As Haruhiko Kuroda, Governor of the Bank of Japan orated in a 2017 AI and Financial Services conference, “It is essential for us to constructively consider desirable ways in which humans and AI complement, rather than confront, each other. For instance, human judgment is not completely free from existing paradigms, and thus is sometimes negligent to changes. In this regard, AI could adjust our bias by neutrally analyzing and finding new correlations among a myriad of [sic] data. Meanwhile, humans could compensate for AI’s weakness with their intuition, common sense, and imagination.”
Understanding the basics
What is AI?
Artificial intelligence is defined as an area of computer science focused on creating intelligent machines that function like humans. AI computers are designed to perform human functions including learning, decision making, planning, and speech recognition.
What are the applications of AI in fintech?
AI offers opportunities for increased operational efficiencies in areas ranging from risk management and trading to underwriting and claims. While some applications are more relevant to specific sectors within financial services, others can be leveraged across the board.
What is a robo-advisor and how do they work?
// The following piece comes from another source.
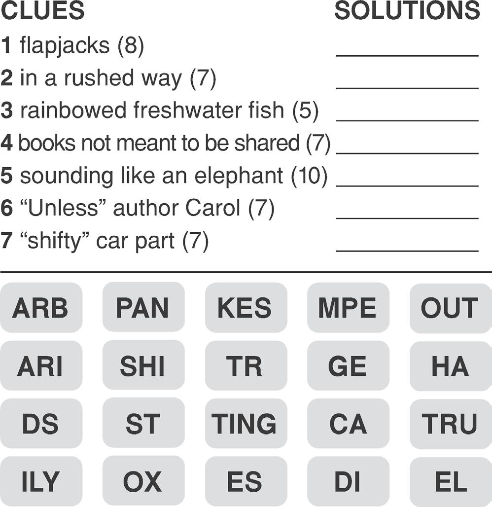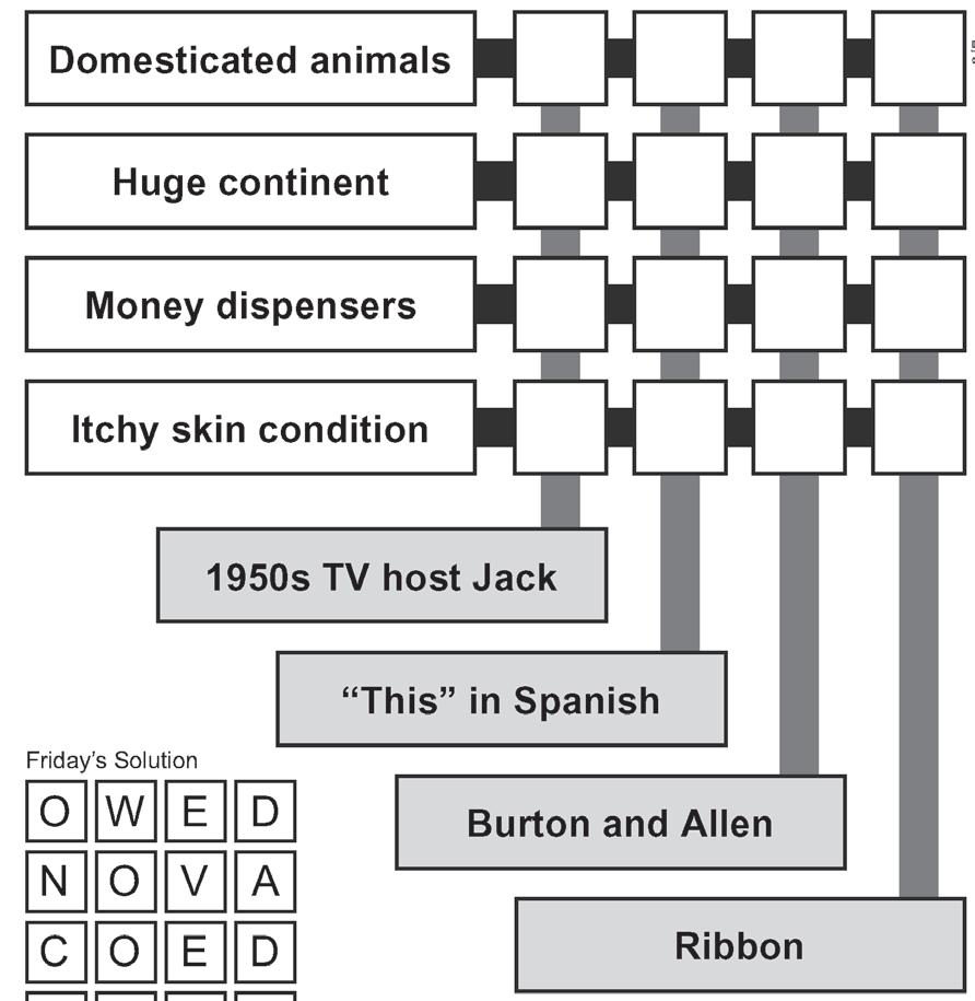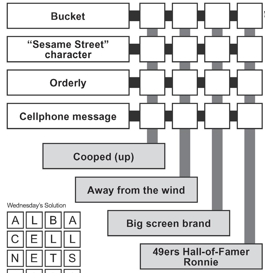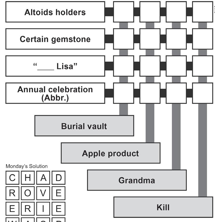 Players use crossword-style clues to ll in two-word phrases. But here’s the twist: the second word of each phrase is the rst word in the phrase that follows.

Robo-advisors provide algorithm-driven financial services with minimal human supervision. Human financial managers have been utilizing automated portfolio allocation since the early 2000s but, today, robo-advisors allow customers direct access. Robo-advisors monitor the markets non-stop and are available 24/7.
What is considered fintech?
Fintech involves technology that enables banking or financial services. It can be used to describe anything from cryptocurrencies to robo-advisors for portfolio management.
What is an algorithmic trading system?
Algorithmic trading involves using computers programmed to follow a defined set of instructions for placing a trade. It leverages complex techniques like deep learning and machine learning. AI trading software can absorb enormous volumes of data to learn about the world and make predictions about the market.
What is a deep learning system?
Deep learning is a subset of machine learning. It's facilitated object recognition in images, video labeling, activity recognition, and perception. Many draw the comparison between deep learning technology and biology, but experts agree that while inspired by the human brain, it’s not necessarily modeled after it.